# Recorded data
+++

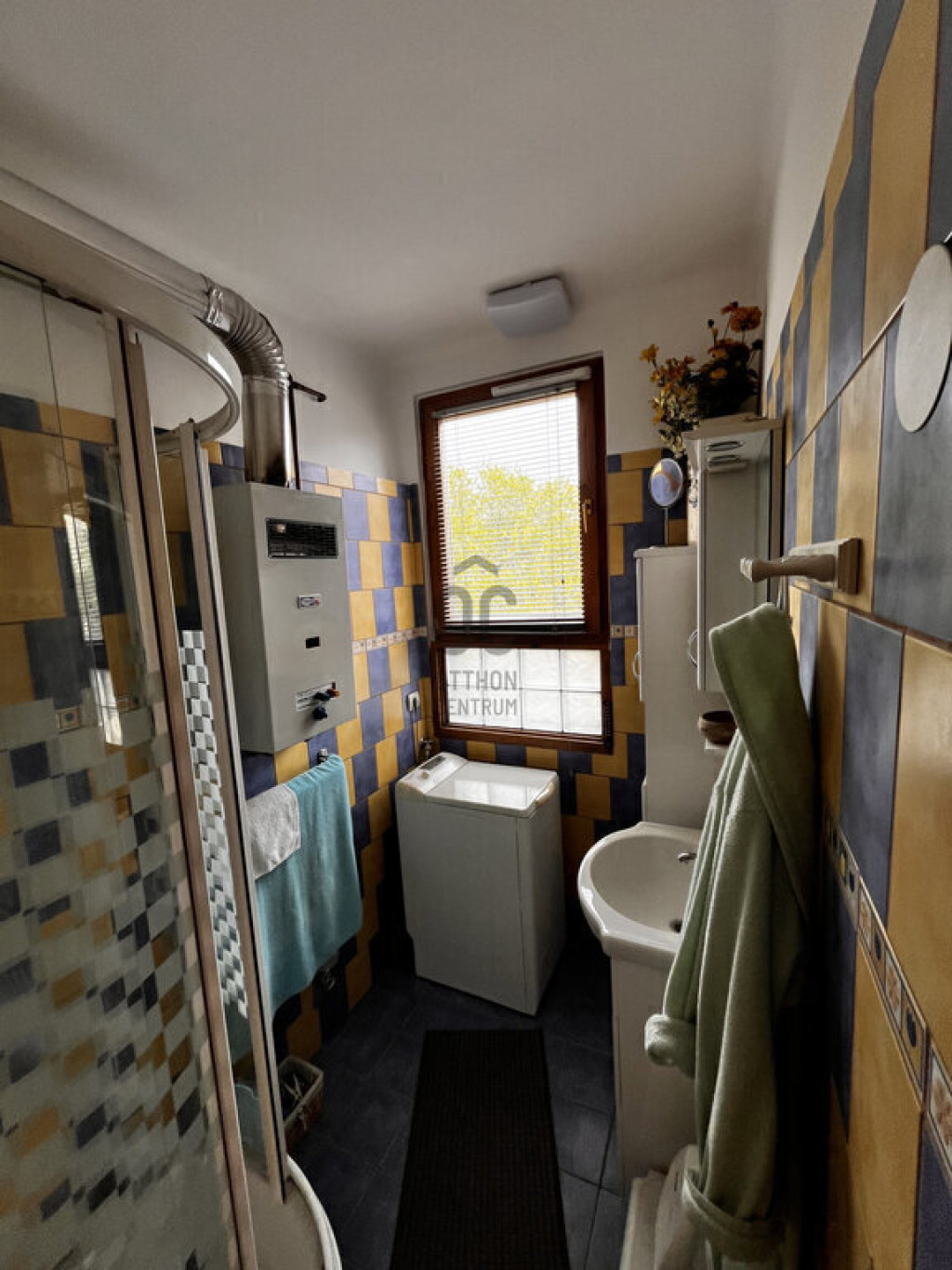 A fűtés gázkonvektorral megoldott.
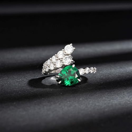 HOT ! Vintage 925 Sterling Silver Simulated Emerald & Cubic Zirconia Adjustable Ring for Women, Engagement Promise Green Droplet Motif Ring for Her
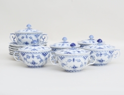 6 buljongkoppar med lock och fat, helblond, 1:a sortering, modellnummer 1228, 1142-1228, 764-1228, höjd 6,5

+++

# Work order
Return the listing above word for word. Keep the images out.

# Output for this task
 A fűtés gázkonvektorral megoldott.
 HOT ! Vintage 925 Sterling Silver Simulated Emerald & Cubic Zirconia Adjustable Ring for Women, Engagement Promise Green Droplet Motif Ring for Her
 6 buljongkoppar med lock och fat, helblond, 1:a sortering, modellnummer 1228, 1142-1228, 764-1228, höjd 6,5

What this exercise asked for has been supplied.